Singapore coffee chain raises $50m Series B

US-based VC firm White Star Capital has led a USD 50m Series B round for Singapore's Flash Coffee, an app-driven coffee chain.
Switzerland-headquartered emerging markets investor Conny & Co also participated, as did German food delivery business Delivery Hero and German holding company and venture investor Geschwister Oetker.
It follows a USD 32.8m round in June last year from White Star, Conny, DH Ventures, and Vulpes Investment Management. White Star and Conny also provided a USD 15m round in 2021 with support from DX Ventures and GFC Global Founders Capital. Rocket Internet is also an investor.

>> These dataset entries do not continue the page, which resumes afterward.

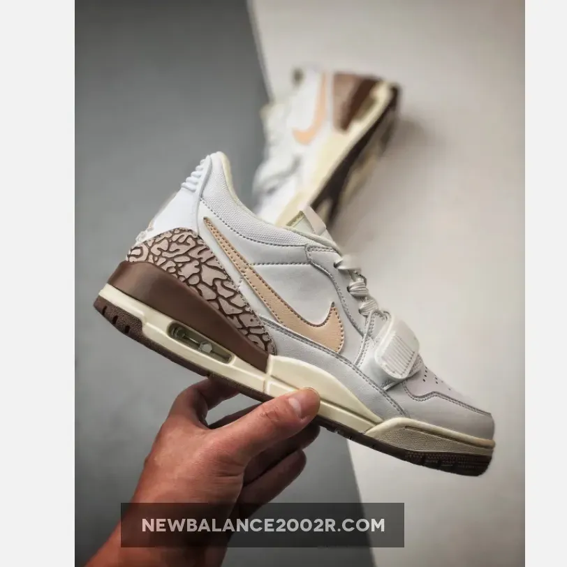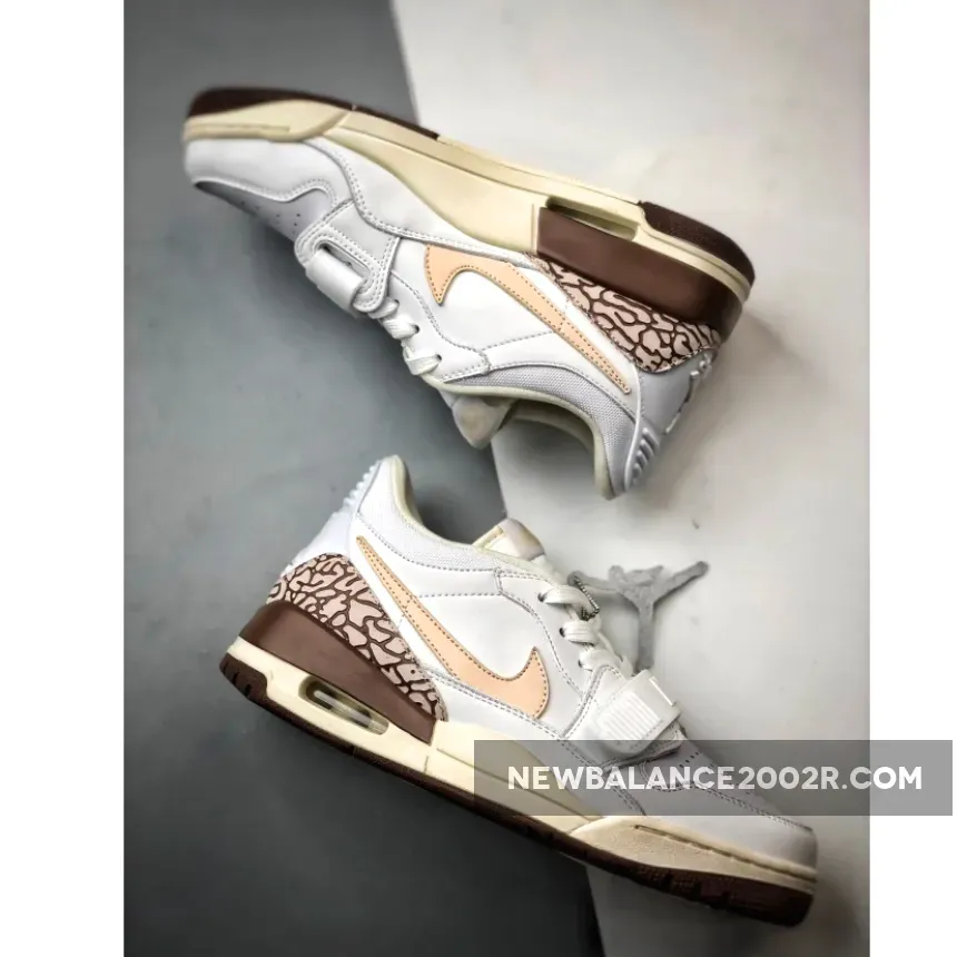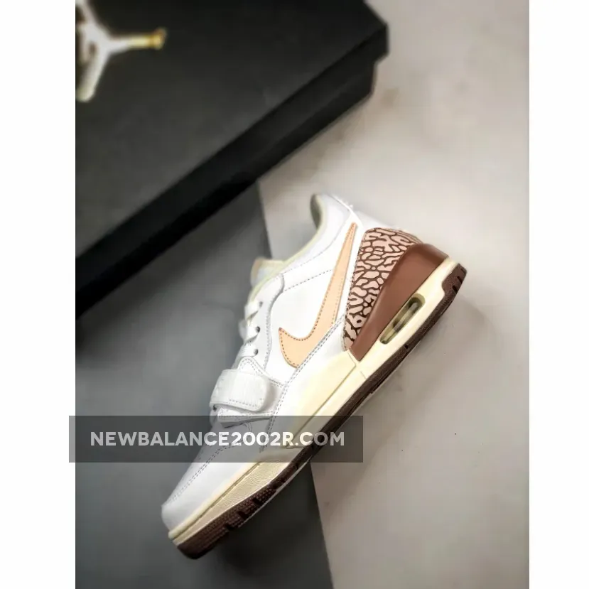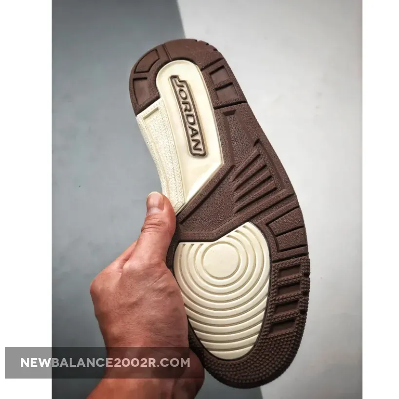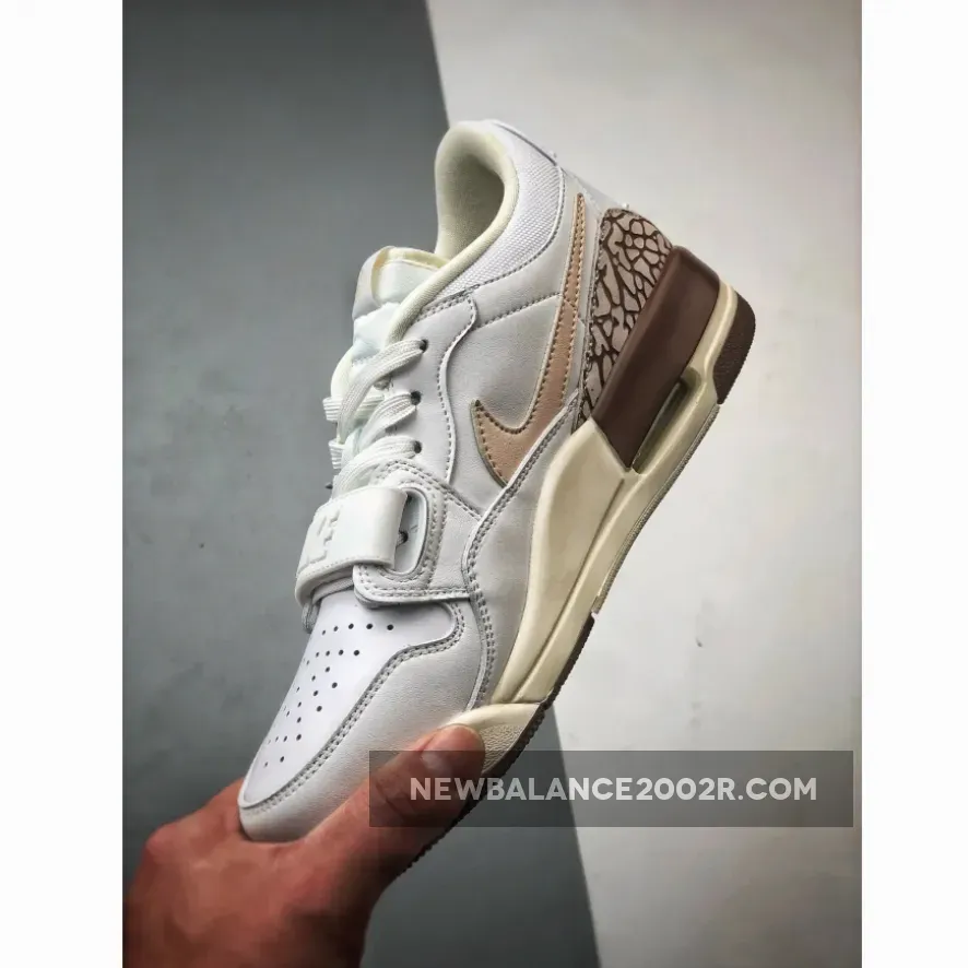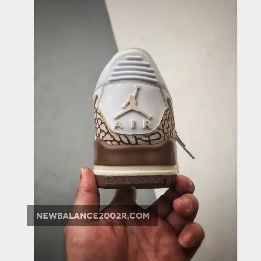 White leather makes up the base layer on this pair, joined by light tan accents on the Swoosh and lining for a tasteful contrast. The heel is adorned with a brown elephant print, echoing the detailing on the sole, while a tan Jumpman logo on the back completes the look.
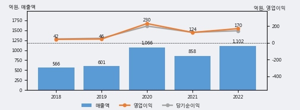 최근 실적을 살펴보면 2022년 매출액이 최근 5년 중 가장 높은 실적을 기록했음을 알 수 있다. 이전 최고 실적이었던 2020년 보다도 3.3%(35억 7천만원) 늘어난 것으로 나타났다.
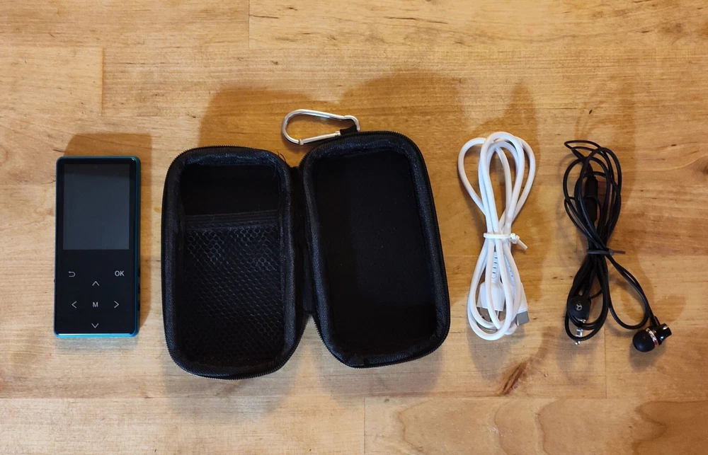 Shenzhen MP3 Player, 64 GB, FM Radio, Lossless Music, Bluetooth, microSD Slot. Includes wired earbuds, data cable, and hard shell case. Works as new. I used a 512 GB card in it with no problem.

Flash offers app doorstep delivery and storefront service with 231 locations across Singapore, Indonesia, Thailand, Korea, Hong Kong, and Taiwan. Indonesia and Thailand are the dominant markets, with 92 and 90 locations, respectively. This compares to only 31 locations in total in January last year.

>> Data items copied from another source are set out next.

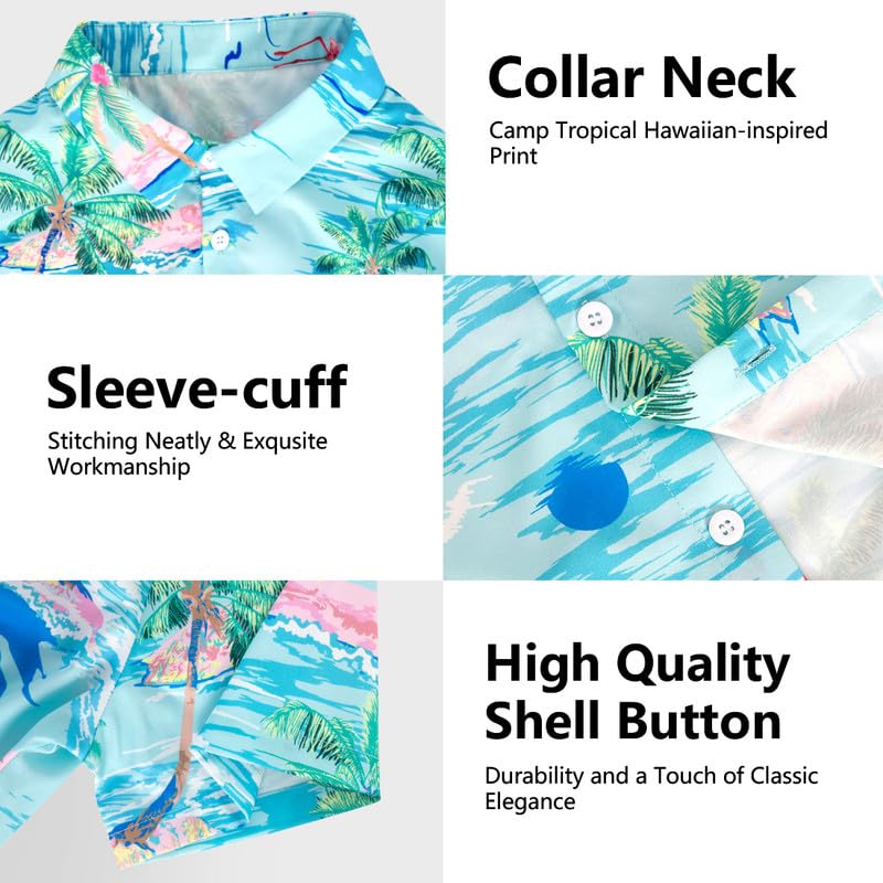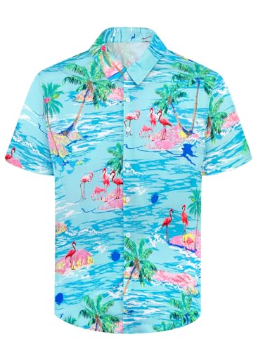 XiaoMoSha Mens Hawaiian Shirts Short Sleeve Wrinkle Free Button Down Summer Casual Shirt for Men Tropical Holiday Beach Funky Party Tops, S-3XL
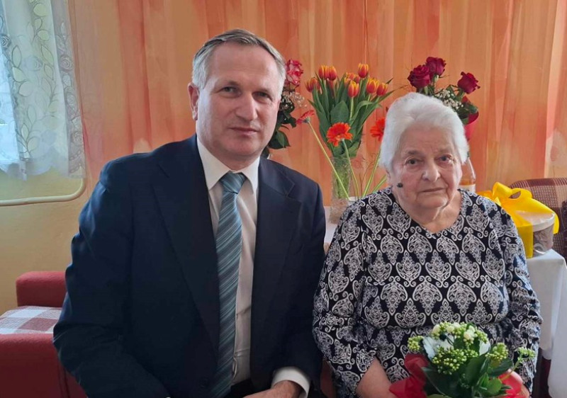 Wójt w imieniu władz samorządowych wręczył Jubilatce upominek i kwiaty oraz złożył najserdeczniejsze życzenia. Pani Janina przyjęła gości w swoim domu, w miłym towarzystwie rodziny. Solenizantka urodziła 5 dzieci, doczekała się 11 wnuków i 16 prawnuków.
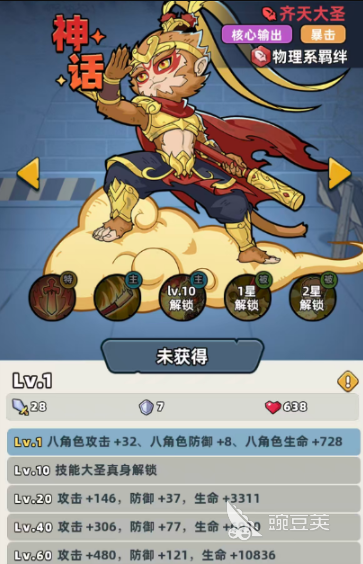 齐天大圣在物理角色中属于主要负责打伤害的那一类角色,他的大部分输出都和暴击有关。战斗的时候他每一次普通攻击都有四分之一的机会,能触发如意金箍棒的效果,这里的如意金箍棒并不是装备,而是一种攻击方式。触发之后会对主要目标造成比较高的物理伤害,同时还会波及旁边的两个敌人,让他们也受到一定的伤害。
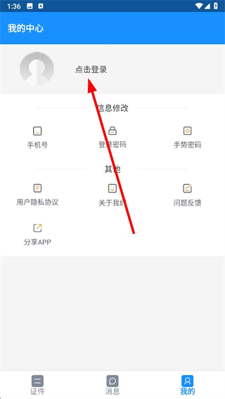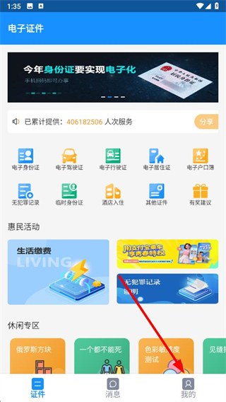 1、打開電子證件app,點(diǎn)擊底部導(dǎo)航欄的我的選項(xiàng)進(jìn)入個(gè)人中心頁面。
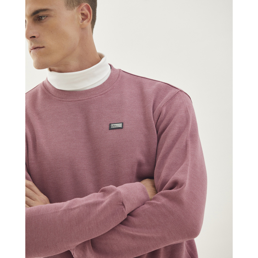 Buzo básico escote redondo con calce regular de tejido acanalado liviano que llamamos flat back de algodón, mangas largas con puños que otorgan un excelente ajuste en morley elastizado al igual que la cintura y el cuello.
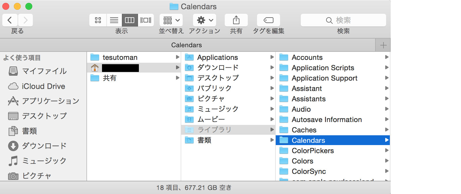要するに、やすどんさんが仰っているのは、下記画像の「Calendars」フォルダを移動させて下さいと言う事です。
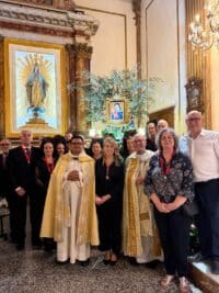 Este año, además, las fiestas contaron con la presencia institucional del Ayuntamiento de Valencia. «La alcaldesa, María José Catalá, nos visitó, saludó a clavarios y vecinos, y entregó al párroco, Ricardo Rozas, la insignia de la ciudad, pidiéndole que rezara por Valencia y sus habitantes», expresan desde la parroquia.

The concept is to broaden access to premium coffee for consumers across Asia through affordability and an app-oriented model. Coffee prices start as low as SGD 3.00 (USD 2.25), with the menu touted as curated by a regional barista competition champion. Delivery operations are supported by a partnership with Delivery Hero-owned Foodpanda.
David Brunier, Flash’s CEO, is a former CEO and chief marketing officer at Delivery Hero Southeast Asia. He also served as chief marketing officer at Foodora, another Delivery Hero-owned delivery service.
Flash recorded a 23x increase in revenue during 2021 and a 4x increase in revenue in 2022. It claims to be solidly profitable at the store level across the region, including all locations in Indonesia. The plan is to reach group-level profitability in 2024, with the first markets set to become EBITDA-positive in the near term.
Recent progress includes an entry into Bandung in Indonesia’s West Java province, its first expansion outside of a national capital city. There are now 11 outlets in Bandung. Indonesia is seen as experiencing a rapid increase in coffee consumption and has been framed as the main expansion market. There are plans to launch in Surabaya on the island of Java in July.
“Flash Coffee is well-positioned to become a leading coffee chain in the region,” Joe Wei, a general partner of White Star, said in a statement. White Star started investing in Southeast Asia in 2020 and opened its Singapore office in June last year.
Tech-savvy food and beverage outlets with rapidly growing footprints have proven attractive to private equity notwithstanding the risk of overextension.
The standout case study is China’s Luckin Coffee, which scaled to more than 5,600 outlets in the space of 18 months only to be stopped in its tracks and collapse in value in 2020 when management was discovered to be falsifying sales figures. Centurium Capital, one of Luckin’s earlier investors secured control of the company in January last year.